A: The most frequently requested destinations are Belize City, Belize BZE; Georgetown, Guyana GEO; Guatemala City, GUA; Managua, Nicaragua, MGA; San Pedro Sula, Honduras SAP; San Salvador, El Salvador SAL; Tegucigalpa, Honduras TGU.
Q: Does the U.S. Government require a license to enter into an overflight permit agreement with the Cuban Civil Air Authority, even if there is no cost?

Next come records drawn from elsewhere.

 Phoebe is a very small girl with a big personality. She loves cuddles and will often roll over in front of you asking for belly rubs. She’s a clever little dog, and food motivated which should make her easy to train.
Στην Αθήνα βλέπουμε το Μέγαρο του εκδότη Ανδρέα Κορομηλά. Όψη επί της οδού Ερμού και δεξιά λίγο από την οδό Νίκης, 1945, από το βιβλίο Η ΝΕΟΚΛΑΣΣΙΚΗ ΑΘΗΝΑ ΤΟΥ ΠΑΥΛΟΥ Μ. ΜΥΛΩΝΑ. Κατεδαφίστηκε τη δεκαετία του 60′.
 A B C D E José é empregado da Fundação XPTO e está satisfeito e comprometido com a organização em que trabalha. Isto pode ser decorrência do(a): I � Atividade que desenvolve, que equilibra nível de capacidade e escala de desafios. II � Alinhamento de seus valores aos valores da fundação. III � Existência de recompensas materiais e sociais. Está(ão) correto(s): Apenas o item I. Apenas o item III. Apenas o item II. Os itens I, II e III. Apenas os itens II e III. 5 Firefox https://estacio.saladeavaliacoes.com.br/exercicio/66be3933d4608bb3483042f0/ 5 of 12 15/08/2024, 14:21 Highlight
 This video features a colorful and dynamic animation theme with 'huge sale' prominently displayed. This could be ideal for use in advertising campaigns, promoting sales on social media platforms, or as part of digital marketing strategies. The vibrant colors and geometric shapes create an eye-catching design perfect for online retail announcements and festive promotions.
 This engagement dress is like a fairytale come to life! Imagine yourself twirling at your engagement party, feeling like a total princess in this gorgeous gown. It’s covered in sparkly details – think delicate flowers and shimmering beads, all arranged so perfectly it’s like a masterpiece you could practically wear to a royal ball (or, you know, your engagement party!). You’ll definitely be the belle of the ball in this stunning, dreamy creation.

Yes. An overflight permit from the Government of Cuba is property in which the Government of Cuba has an interest. Therefore, a license the Office of Foreign Assets Control (OFAC) is necessary prior to obtaining the permit, even if no funds are changing hands at this point in the process. Many U.S. companies provide permitting and payment services on behalf of their clients. If such a facilitator holds an OFAC license to obtain the permits and make the payments to the Government of Cuba, there is no need for each individual client to obtain a separate OFAC authorization. Please link to Caribbean Flying Adventures, an approved facilitator for additional details Please follow the link : Caribbean Flying Adventures
Q: What are some examples of the flight donor’s operating costs reported per hour in twin-turboprop airplanes in 2011-2012?

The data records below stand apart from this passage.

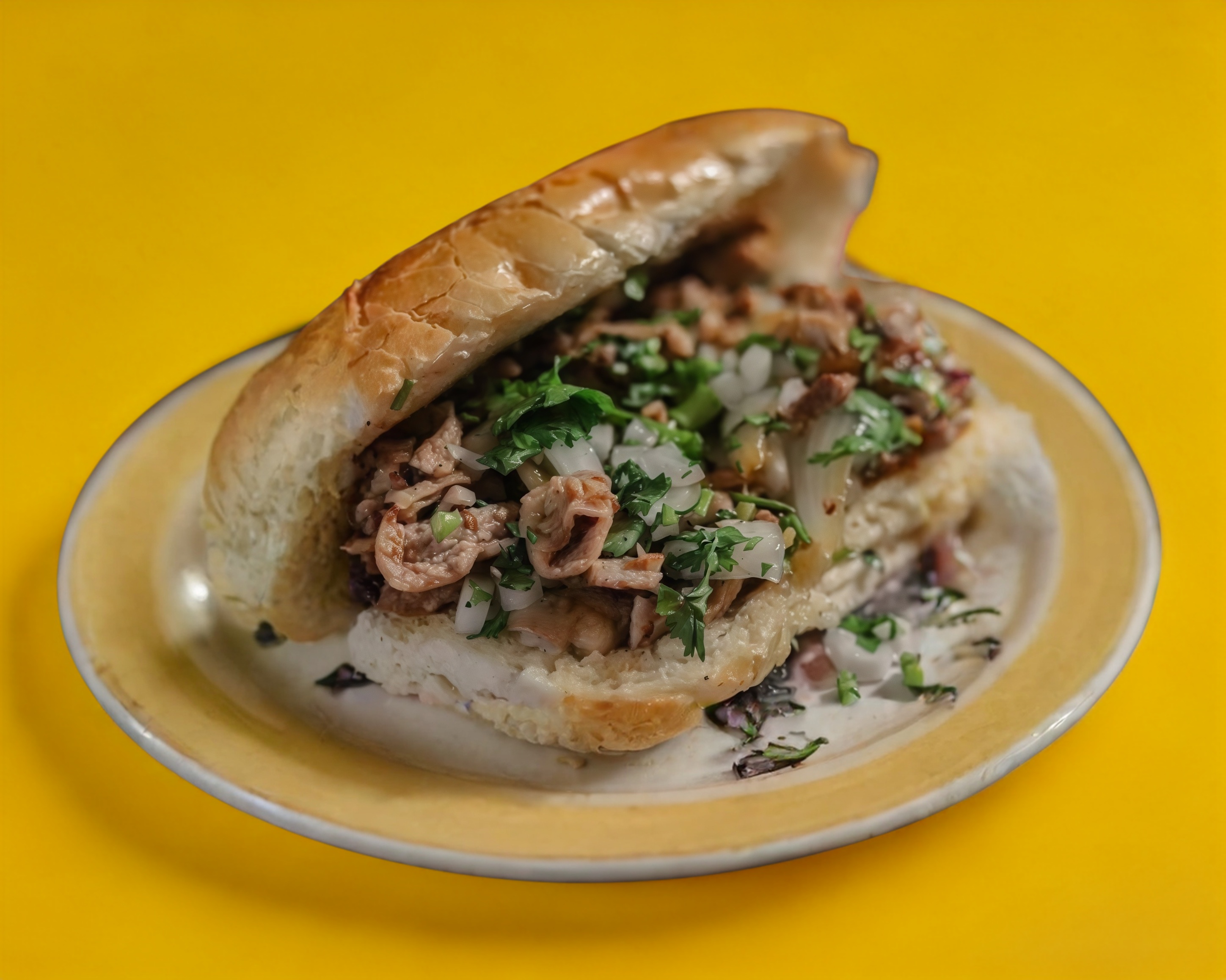 Telera rellena de porción generosa de longaniza y suadero con quesillo.
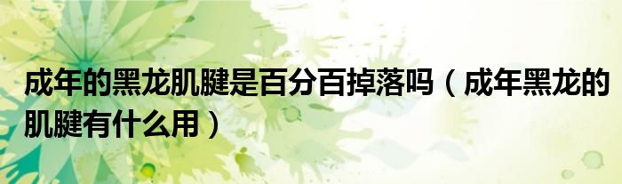 关于成年的黑龙肌腱是百分百掉落吗,成年黑龙的肌腱有什么用这个很多人还不知道,今天菲菲来为大家解答以上的问题,现在让我们一起来看看吧!
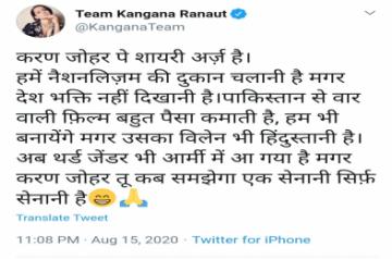 "Karan Johar ke liye shayari arz hai...Humein nationalism ki dukaan chalani hai par deshbhakti nahi dikhani hai. Pakistan se war wali filmein bahut paise kamati hain, Hum bhi banaenge lekin uska villain bhi Hindustani hai. Ab third gender bhi aa gaya army mein lekin Karan Johar tu kab samjhega ek senani sirf senani hai. (A poem for Karan Johar...we want to jump aboard the nationalism bandwagon but won't show patriotism. Films based on war with Pakistan earn money so we will make such films but the villains in these will still be Indian. Now the third gender has also entered the army, when will you understand, Karan Johar, that a soldier is simply a soldier?)," read a tweet posted by Kangana's team.

A: Following are a few approximate illustrations:
Cessna Conquest II $1,000.00
Hawker Beechcraft King Air C90 $1,000.00
Mitsubishi MU-2 Marquise (MU-2B) $950.00
Reims Aviation F406 Caravan II Turboprop Twin $822.44
Twin Commander 1000 $1,028.39
Viking Air DHC 6-300 Twin Otter $1,077.04
Q: What are the most common fuel stops en-route to the eastern Caribbean from South Florida?
A: Grand Turk (GDT) and Provindenciales (PLS).
Q: Is the cargo transported by ALFA-matched flights covered by insurance?
A: No, flight donors do not or asked to carry insurance of any type for property losses covering cargo.
Q: Why does ALFA operate primarily from Florida airports?
A: Mainly because of our geographical proximity to the Caribbean and Central America, but also because ALFA taps into and sources goodwill from the vibrant network of air carriers, corporate aviation and general aviation communities of South Florida.